Nur Nr. 5 wünschen wir uns verändert: Hier beantragen wir eine Koordinierungsstelle des Netzwerkes (oder Beratungsstelle oder Kompetenzzentrum oder Servicezentrum). Und wir könnten uns als Aufgabe nicht nur die Zusammenführung aller Aktivitäten vorstellen, sondern auch Fortbildungsveranstaltungen für Lehrer und Interessierte, Anleitung bei der Errichtung von Schülerfirmen, bes. für Schüler mit Lernschwierigkeiten, Unterstützung bei der Rhythmisierung des Schultages an Ganztagsschulen, Unterstützung bei der Schulprogrammarbeit, Betreuung eines Portals „Bildung für nachhaltige Entwicklung“ zur Öffentlichkeitsarbeit und zur Bündelung aller Aktivitäten.
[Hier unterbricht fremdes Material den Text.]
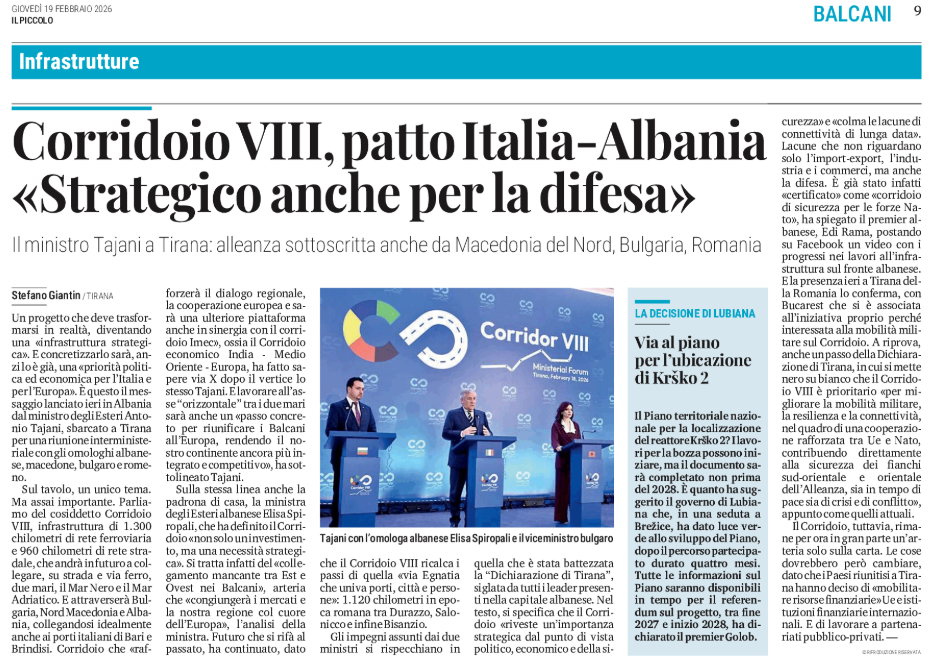 Corridoio VIII, patto Italia-Albania «Strategico anche per la difesa»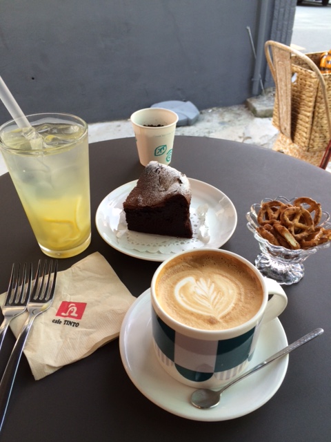 釜山の田浦ストリートはおしゃれな若者たちの街らしい、と聞いて訪れました。まさに芸術家の街といった雰囲気でした。改装中の建物が多く、どんどんカフェができている様子です。テラスでお茶をしたかったので探してみるとCafe Tintoというおしゃれカフェがありました。カプチーノ、ガトーショコラ、レモンスカッシュを頼むとプレッツェルのおつまみが付きました。店員のお姉さんがかわいらしい!韓国語のわからない私たちに、一生懸命片言の英語で対応してくれました。お茶をしていると、外の路地でカメラマンとモデルらしき美人さんが撮影をしています。雑誌の撮影でしょうか。ちょっとおしゃれなカフェを探していたら、田浦に行ってみると楽しいと思います。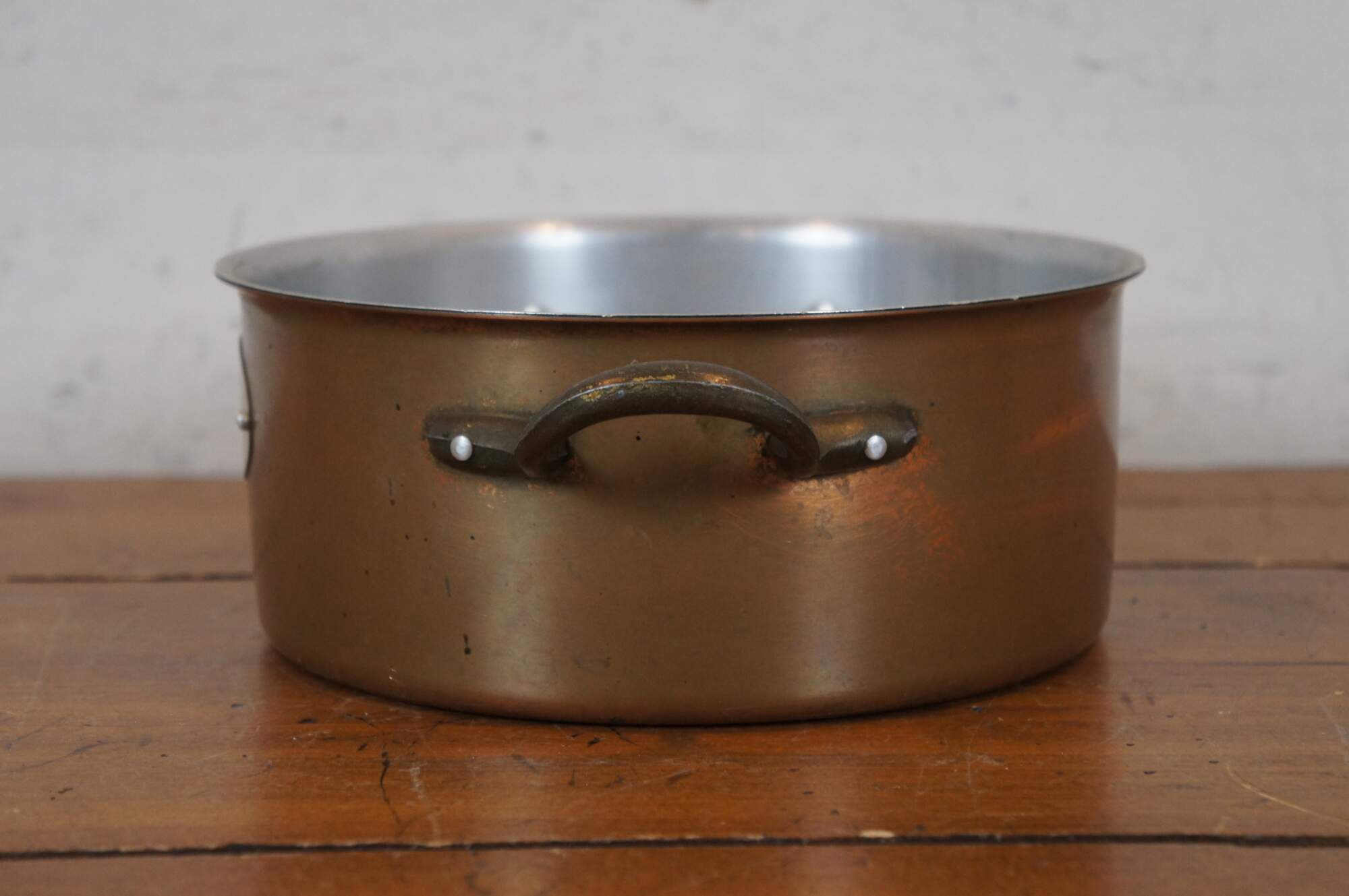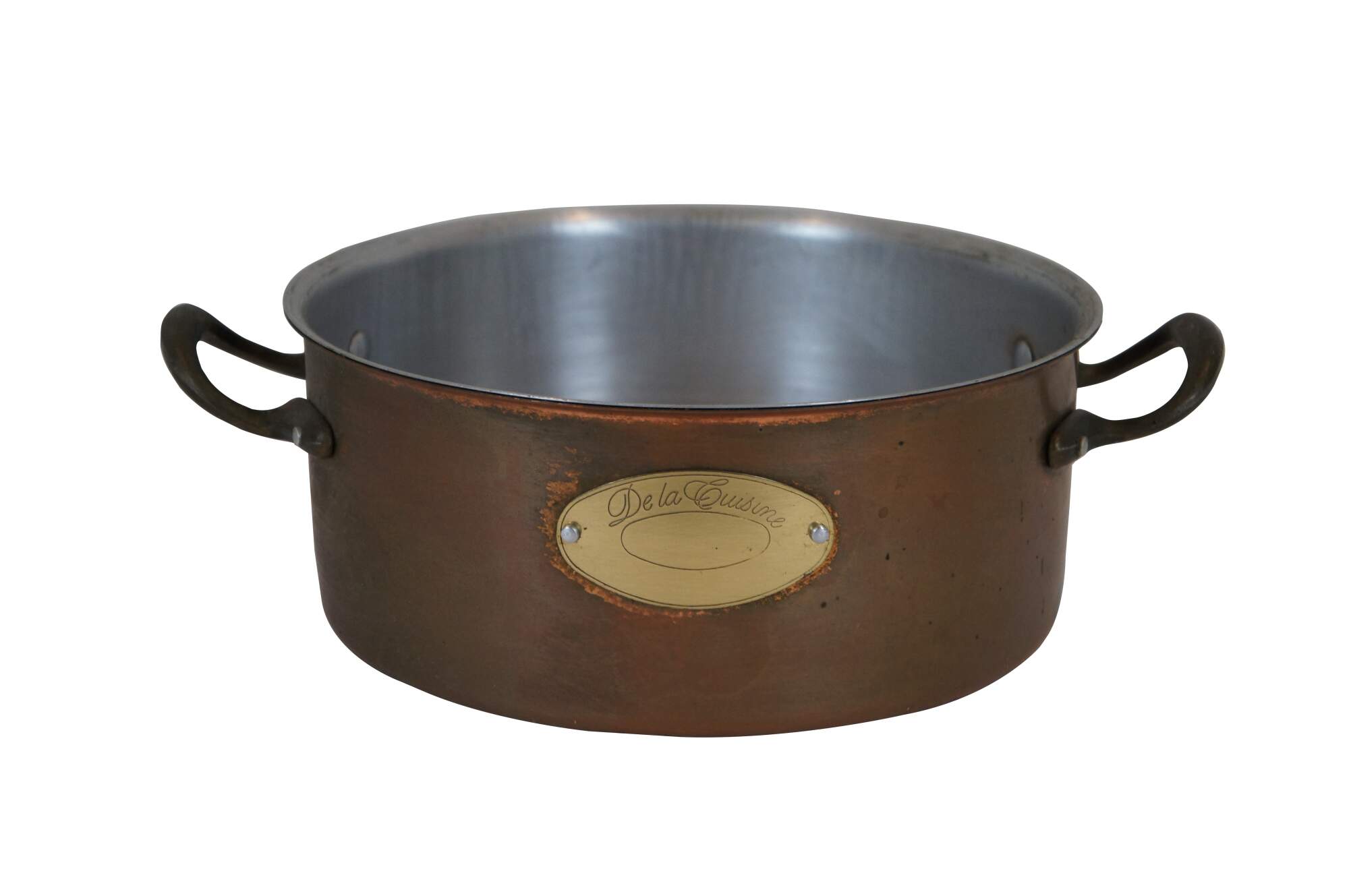 Vintage 20th century copper stock pot / sauce pan by De La Cuisine with two side handles and tinned interior.

Gute Erfahrungen sind schon vorhanden. Als ehemalige Lehrerin bin ich am ehesten  mit denen am LISA vertraut:

  1. Von hier geht ohnehin die Moderation am Runden Tisch aus, der eine wichtige Rolle im Aktionsplan des Landes Sachsen-Anhalt spielt.
  2. Die Aktivitäten des hier gestalteten Bundesprogramms „Transfer 21“ haben eine  hohe Ausstrahlung auf die Schulen und andere dabei eingebundene Partner des Landes.
  3. Hier gibt es viele Beispiele für Projekte mit überzeugender Dokumentation, dabei legen die Multiplikatoren großen Wert auf die Verbindung von Sach- und Methodenkompetenz. Die Themen, z. B. Schülerfirmen, Syndrome des globalen Wandels, Selbstorganisiertes Lernen,  System- und Gruppenkompetenz, Selbst- und gegenseitige Evaluation geben Anregung für Ideen, die das Leben der Schüler begleiten sollen. Diese Angebote für Schulprojekte und schulinterne Lehrerfortbildungen werden von interessierten Schulen gut angenommen.
  4. Hier ist der Anlaufpunkt für die 12 Multiplikatoren des Landes, die das Thema „Bildung für nachhaltige Entwicklung“ bearbeiten. Von dieser Stelle geht ein Dank an sie und alle anderen Aktiven (Umweltzentren, Öko-Schulen, Jugendwaldheime, BUND, Evangelische Akademie u. a.); ohne sie und ihren Einsatz gäbe es nicht solche Erfolge bei „Transfer 21“; die einschlägigen Boschüren am LISA belegen dies.


Schließen will ich mit einem abgewandelten Sprichwort: „Willst du für ein Jahr vorsorgen, baue Getreide an. Willst du für ein Jahrzehnt vorsorgen, pflanze Bäume. Willst du für ein Jahrhundert vorsorgen, bilde Menschen.“

Ich werbe nochmals für unseren Änderungsantrag:

  1. Zielrichtung des Konzeptes sollte nicht nur die Umweltbildung, sondern Bildung für nachhaltige Entwicklung sein.
  2. Wir sollten nicht nur ein Netzwerk schaffen, sondern auch eine Spinne ins Netz setzen, die die Fäden spinnt und das Netz pflegt.